Start with standard imports:

In [None]:
# Ensure python 3 compatibility:
from __future__ import (absolute_import, division, print_function,
                        unicode_literals)

import sys
import warnings

import h5py
import matplotlib.pylab as plt
import numpy as np

import sidpy as sid
import pyNSID as nsid
from pyTEMlib.nsi_reader import NSIDReader

warnings.filterwarnings("ignore", module="numpy.core.fromnumeric")
warnings.filterwarnings("ignore", module="pyNSID.io.nsi_reader")

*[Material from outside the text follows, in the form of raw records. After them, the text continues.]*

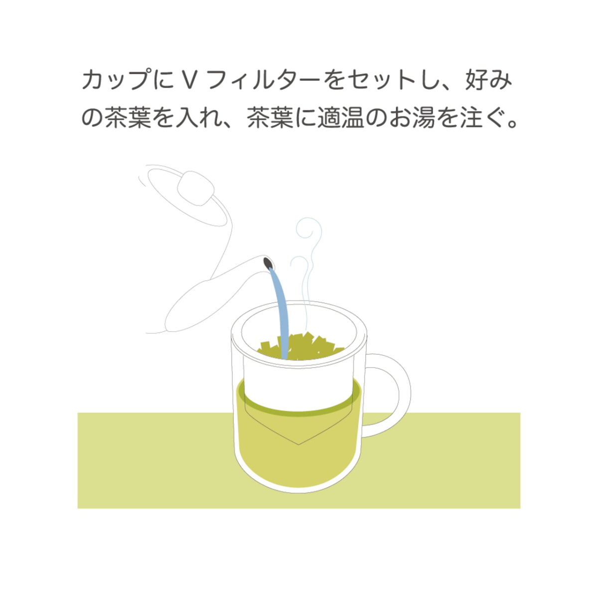 カップにVフィルターをセットし、好みの茶葉を入れ、茶葉に適温のお湯を注ぐ。
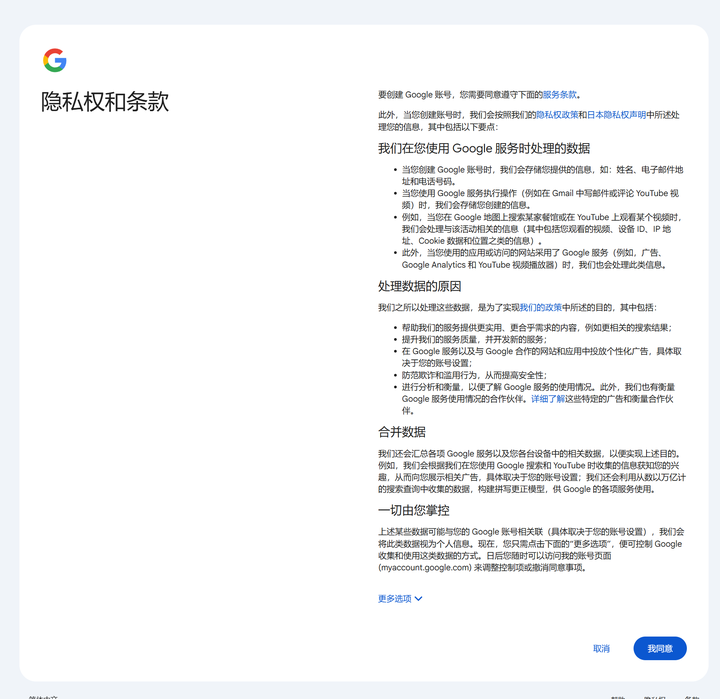 最后同意协议条款后,即可完成谷歌账户的创建。
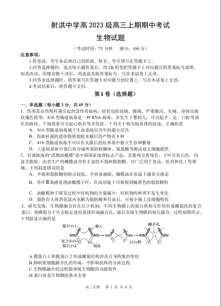 四川省遂宁市射洪中学2026届高三上学期期中考试 生物.docx
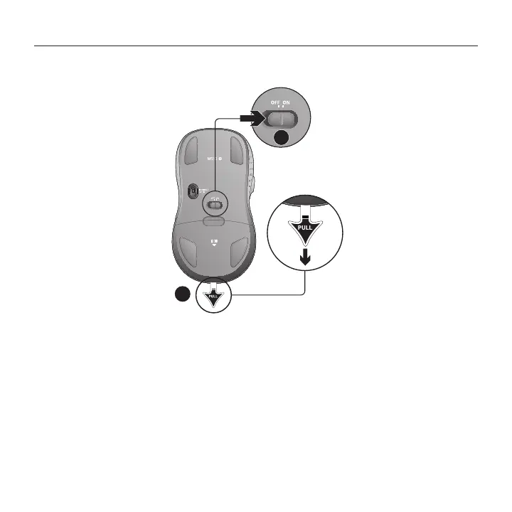 1. Puxe a lingueta para ativar as pilhas do mouse.
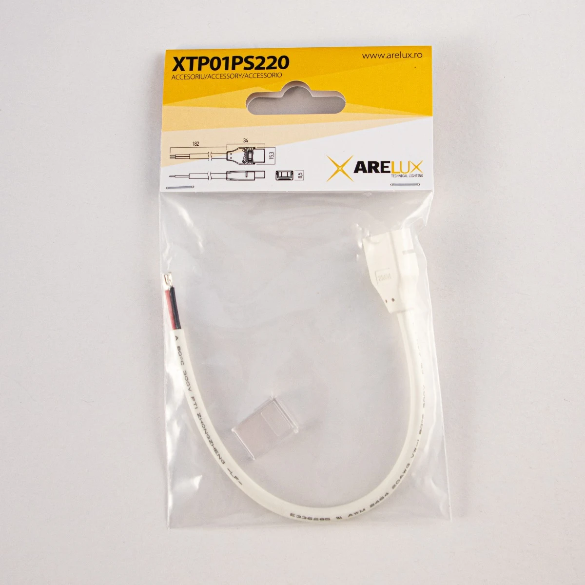 Element de alimentare etanș Arelux Xtap XTP01PS220 pentru benzi LED de 10 mm, IP65, cu cablu de 182 mm, ideal pentru conexiuni sigure și eficiente la 220V AC.
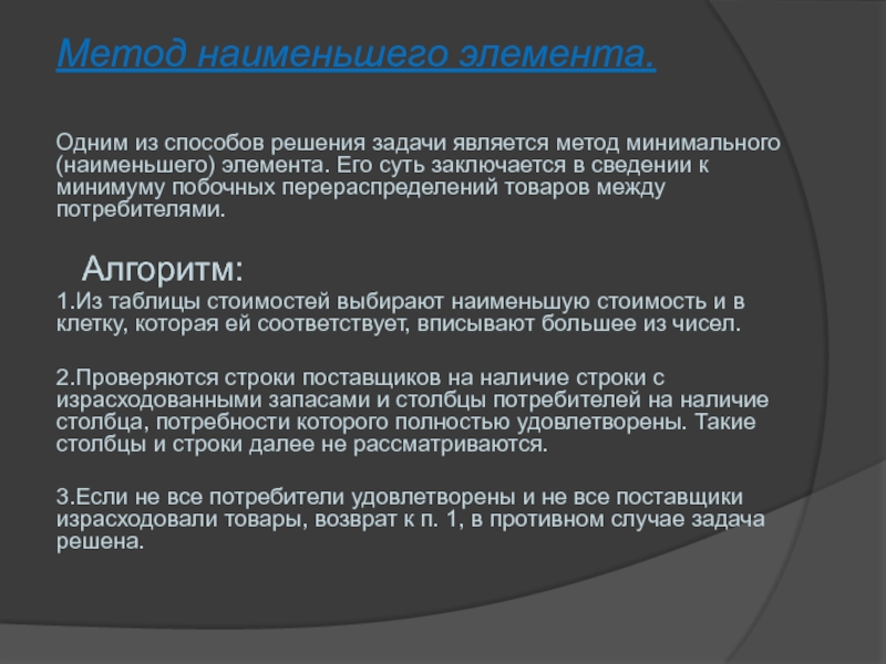 Метод наименьшего элемента.Одним из способов решения задачи является метод минимального (наименьшего) элемента. Его суть заключается в сведении
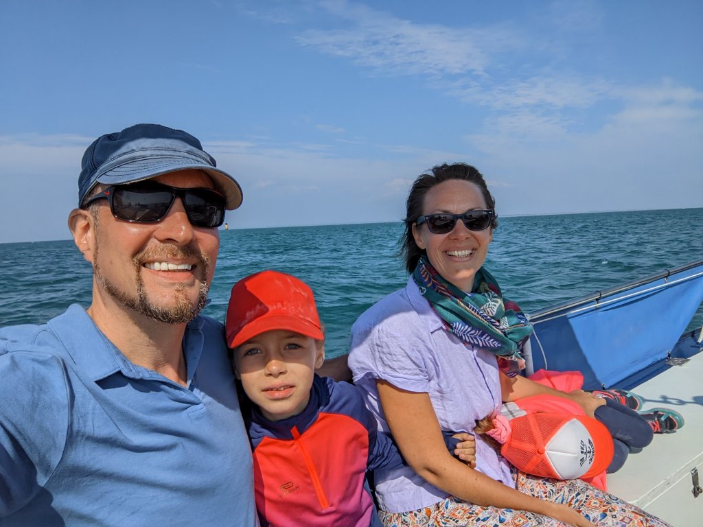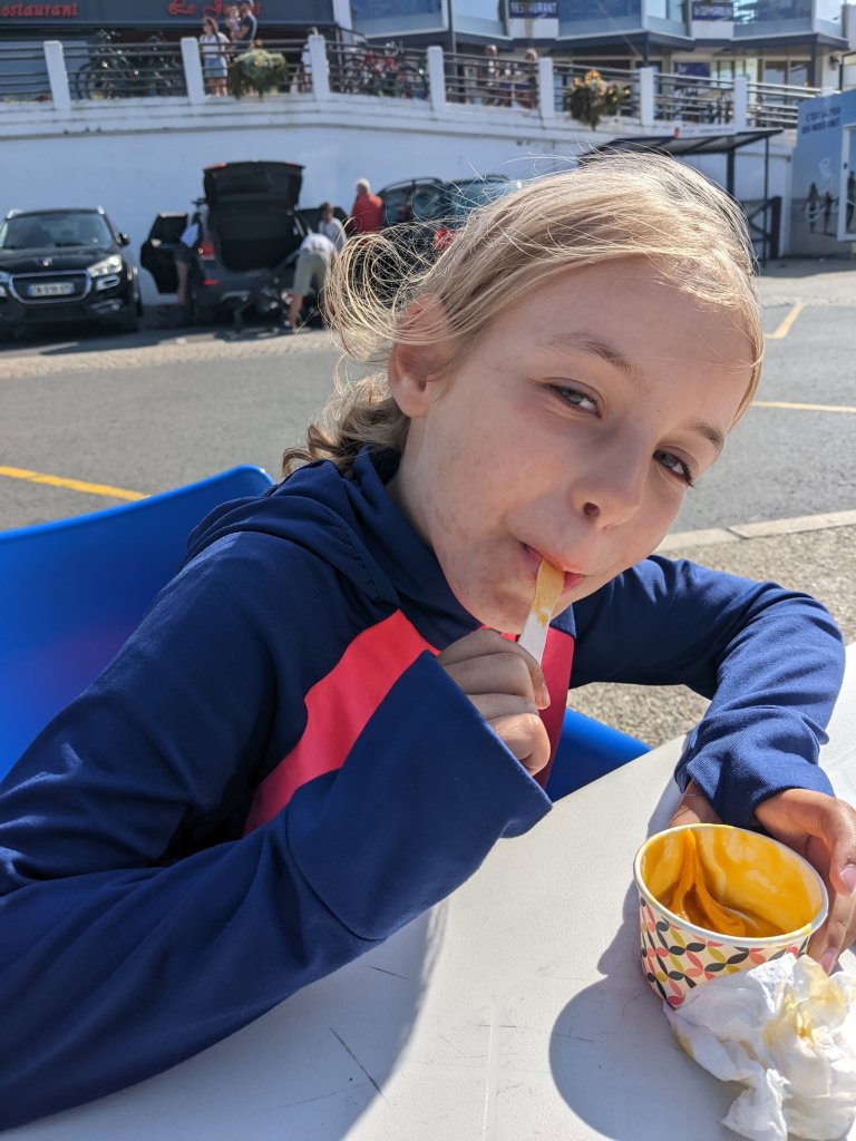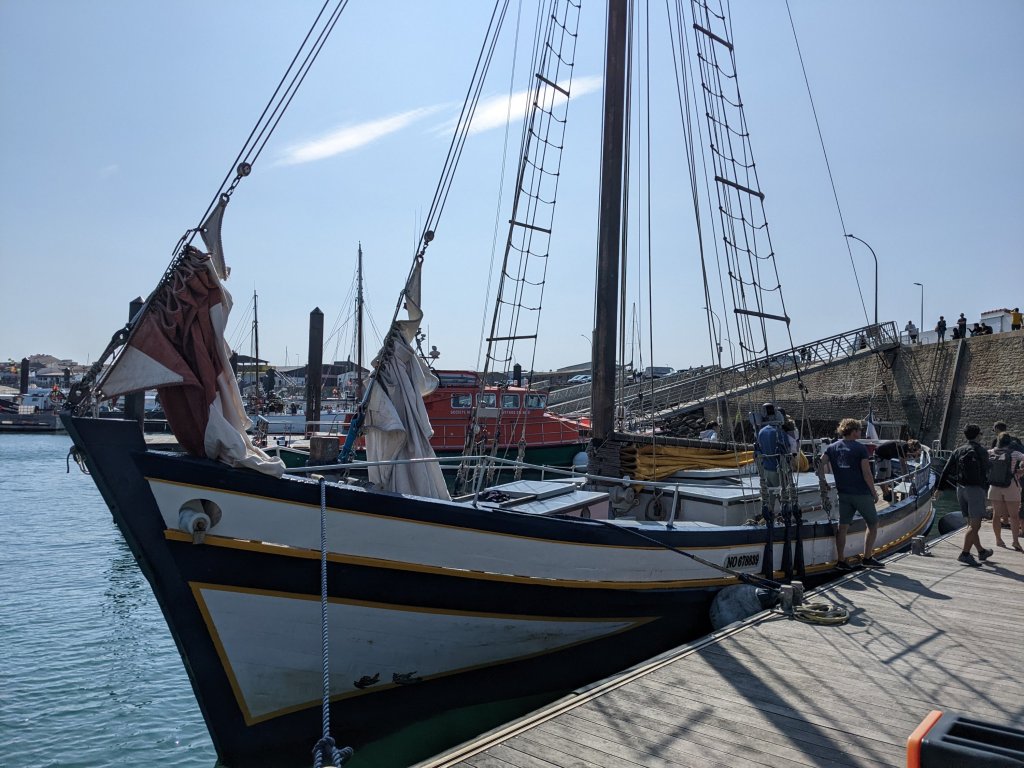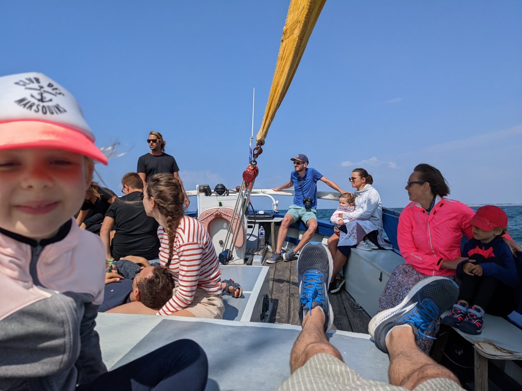 Whilst in the Office du Tourisme earlier in the week booking the pêche à pied, there was a mention of a “promenade en mer” which sounded fun, so we duly booked that as well. They’d run out of leaflets so we were short on details, but we got to the NW corner of the island at the right time (funny how on this pretty small island there are such different characters in the component villages – L’Herbaudière is a fairly big port for fun sailing and fishing, and packed with restaurants of different types, even a hotel or two). The boat is O’Abandonado, a ~100 year or so old vessel with an interesting story (catching fish in Portugal, then delivering salt up to the 60s, then scuttled in mud to preserve it while the owner worked out what to do with it…then bought by a Frenchman in the 80s who cleaned it up, refitted it and brought it to France. And now it does little pleasure outings in the bay off Noirmoutier! Well, I thought it was great, but there was some seasickness in our little party and quite a few peaky-looking people on the boat. But nothing that a few ice creams afterwards couldn’t fix!
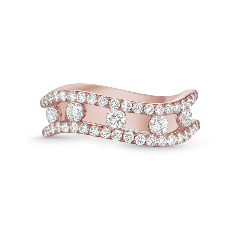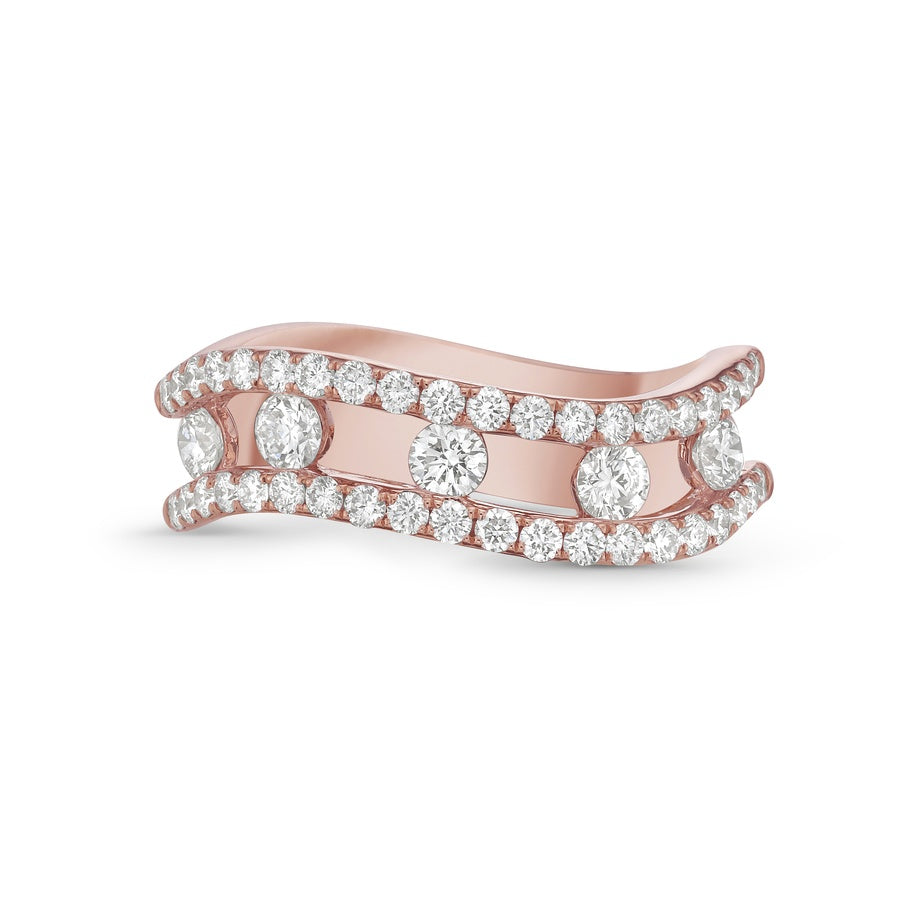 Ideal-cut white diamonds are set between walls of 18k white gold and pavé, curving gracefully to create a sense of movement.
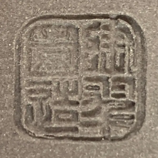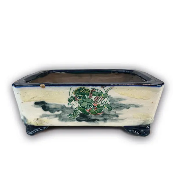 Tosui hat eine lange Tradition, die sich bereits über etwa 100 Jahre hinzieht. Die hier betrachtete Schale wurde von Shikao Mizuno hergestellt, der 1942 geboren wurde und als dritte Generation der Tosui-Töpfer gilt. Er hat eine Vielzahl von glasierten, unglasierten und bemalten Schalen hergestellt, die sich mit Recht großer Beliebtheit erfreuen und noch immer rege gehandelt werden. Die bemalten Stücke sind, wie auch in diesem Fall, meistens aus braunem Ton hergestellt und mit einer hellen Glasur versehen, auf welche dann die farbigen Motive aufgemalt wurden. Die Malereien zeigen klassische Motive wie Landschaften, den Berg Fuji, Menschen in verschiedenen Szenen, Tiere oder auch die bekannte „Fuchshochzeit“. In diesem Fall sind auf den beiden langen Seiten der Schale zwei Shinto-Gottheiten abgebildet, die meist zusammen zu sehen sind. Fujin, der grün dargestellte Gott des Windes, mit seinem über den Kopf gehaltenen Sack voller Windböen, springt vor dem Hintergrund einer grau-schwarzen Wolke daher. Sein Bruder Raijin, der Gott des Donners, ist von einem Ring mit Trommeln umgeben, die er mit den Stöcken in seinen Händen schlägt. Diese beiden Gottheiten sind einerseits gefürchtete, zerstörerische Unruhestifter, andererseits werden sie aber auch als Schutzgötter betrachtet und in Trockenzeiten um Regen gebeten. Auf den kurzen Seiten der Schale sind bergige Landschaften in blau-grüner Farbe angedeutet und einige Schriftzeichen, die „Windgott“ und „Donnergott“ lauten. Die Form der Schale ist rechteckig mit leicht eingezogenen Ecken, minimal nach oben weiter werdender Wand und Wolkenfüßen. Die Maße der Schale betragen 12 cm mal 9 cm, bei einer Höhe von 3,7 cm plus 1 cm Fußhöhe. Der leicht nach innen gezogene Rand ist 7 mm breit und dunkelblau glasiert, ebenso wie die Füße. Obwohl diese Schale offenbar noch nie bepflanzt war, hat sie zwei kleine, punktförmige, goldene Kintsugi-Reparaturen am oberen Rand. Die allgemeine Machart dieses Exemplars ist ein wenig unregelmäßig und sowohl die Innenseite als auch die Unterseite des Schalenbodens sind nicht allzu sorgfältig geglättet, aber dies tut dem Charme der kleinen Shohin-Schale keinen Abbruch. Sie eignet sich für einen ausdrucksvollen kleinen Laubbaum oder einen blühenden beziehungsweise fruchtenden Baum mit einem etwas wettergegerbten Aussehen.
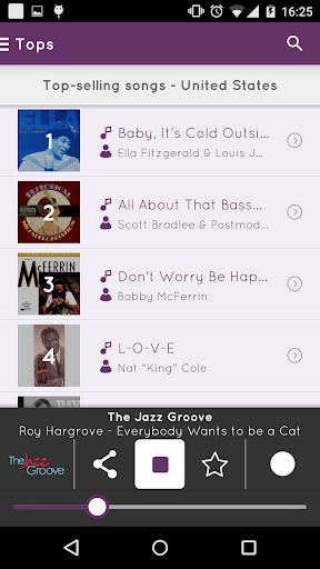 - Check the top selling jazz music songs per country each day, so you can listen to a preview and check if you want to buy it
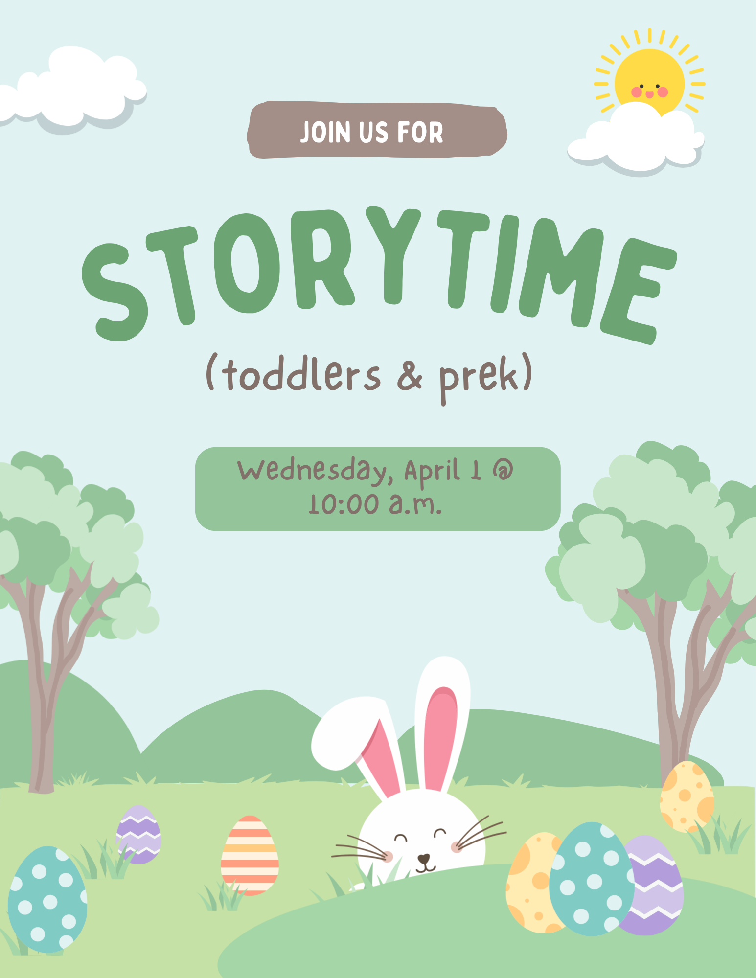 Early Literacy Storytime program for toddlers and preschoolers. This session's theme is spring and will include fun stories, activities, and a craft!
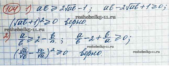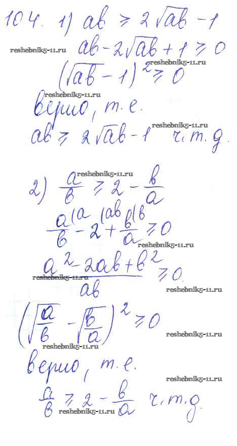 Готовая домашняя работа с ответами по Алгебре за 10 класс Колягин, Ткачёва, Федорова, Шабунин Учебник Базовый и углубленный уровень Просвещение 2017 ФГОС - Упражнения 104
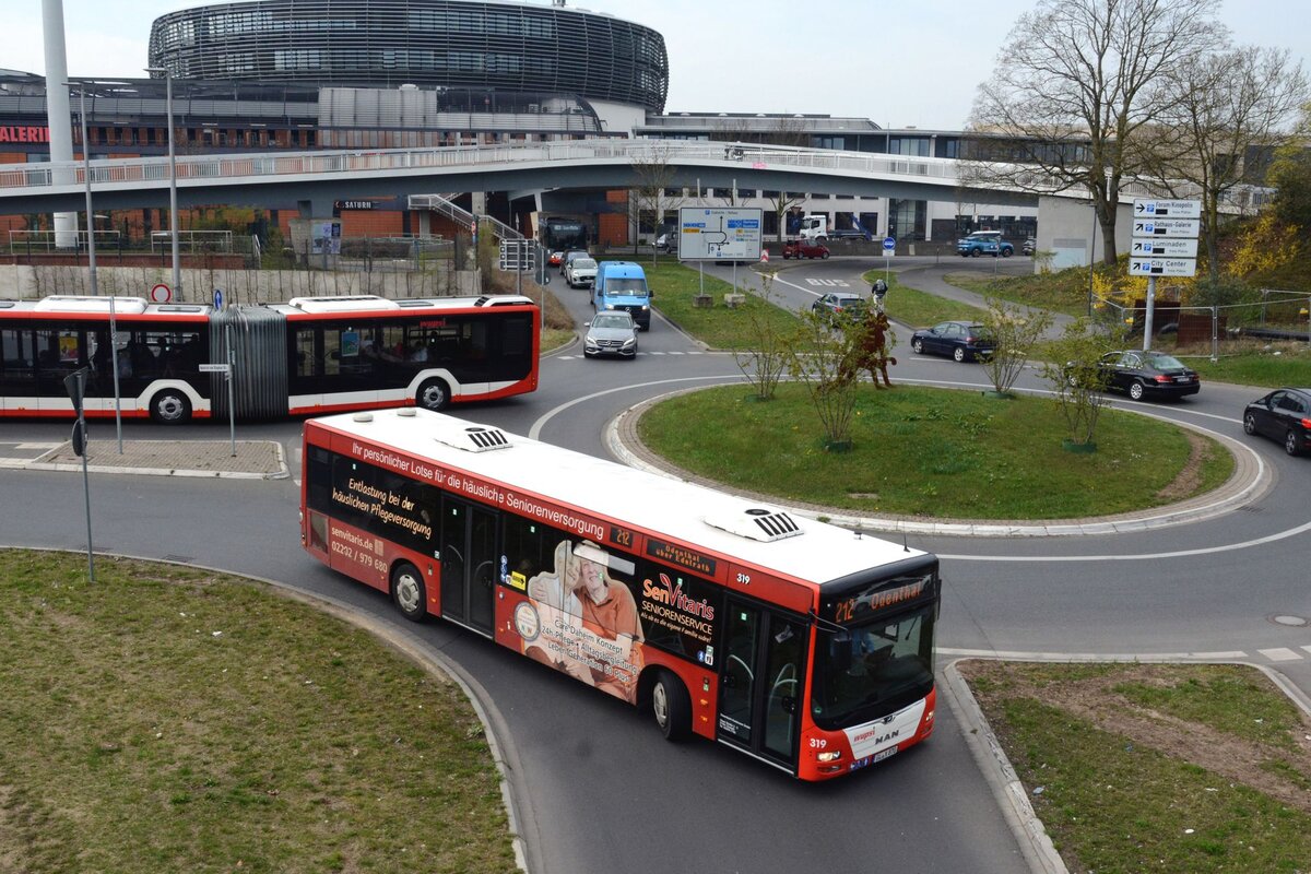 Ossenbach KOM 319 GL-X 870 Linie 212, Odenthal Vollwerbung "SenVitaris" Leverkusen, Bahnhof Mitte 20.03.2026

## Creating sidpy.Dataset object(s)

Let's create a simple sidpy Dataset from a numpy array:

In [None]:
dataset = sid.Dataset.from_array(np.random.random([4, 5, 10]), name='new')
dataset

Unnamed: 0,Array,Chunk
Bytes,1.60 kB,1.60 kB
Shape,"(4, 5, 10)","(4, 5, 10)"
Count,1 Tasks,1 Chunks
Type,float64,numpy.ndarray
"Array Chunk Bytes 1.60 kB 1.60 kB Shape (4, 5, 10) (4, 5, 10) Count 1 Tasks 1 Chunks Type float64 numpy.ndarray",10  5  4,

Unnamed: 0,Array,Chunk
Bytes,1.60 kB,1.60 kB
Shape,"(4, 5, 10)","(4, 5, 10)"
Count,1 Tasks,1 Chunks
Type,float64,numpy.ndarray


Let's also define the dataset attributes...

In [None]:
dataset.data_type = 'SPECTRAL_IMAGE'
dataset.units = 'nA'
dataset.quantity = 'Current'

dataset.metadata={'this': 'is just a random dataset'}

... and set individual dimensions. In the case of spectroscopic datasets, the first two dimensions are typically spatial units (e.g. nm) and the third one can be energy (e.g. $meV$ or $nm^{-1}$).

In [None]:
dataset.set_dimension(0, sid.Dimension(np.arange(dataset.shape[0]), 'x',
                                        units='nm', quantity='Length',
                                        dimension_type='spatial'))
dataset.set_dimension(1, sid.Dimension(np.linspace(-2, 2, num=dataset.shape[1], endpoint=True), 'y', 
                                        units='nm', quantity='Length',
                                        dimension_type='spatial'))
dataset.set_dimension(2, sid.Dimension(np.sin(np.linspace(0, 2 * np.pi, num=dataset.shape[2])), 'bias',
                                        units='mV', quantity='Voltage',
                                        dimension_type='spectral'))

In [None]:
print(dataset.dim_0)
print(dataset.dim_1)
print(dataset.dim_2)
print(dataset.bias.dimension_type)

x:  Length (nm) of size (4,)
y:  Length (nm) of size (5,)
bias:  Voltage (mV) of size (10,)
DimensionTypes.SPECTRAL


## Writing sidpy.Dataset object(s) to HDF5 files

Load NSID-formatted h5 file:

In [None]:
hf = h5py.File("test.hf5", 'a')

KeyError: ignored

Let's create a new channel where we are going to save our sidpy dataset:

In [None]:
del hf['Measurement_000/Channel_000']
hf.create_group('Measurement_000/Channel_000')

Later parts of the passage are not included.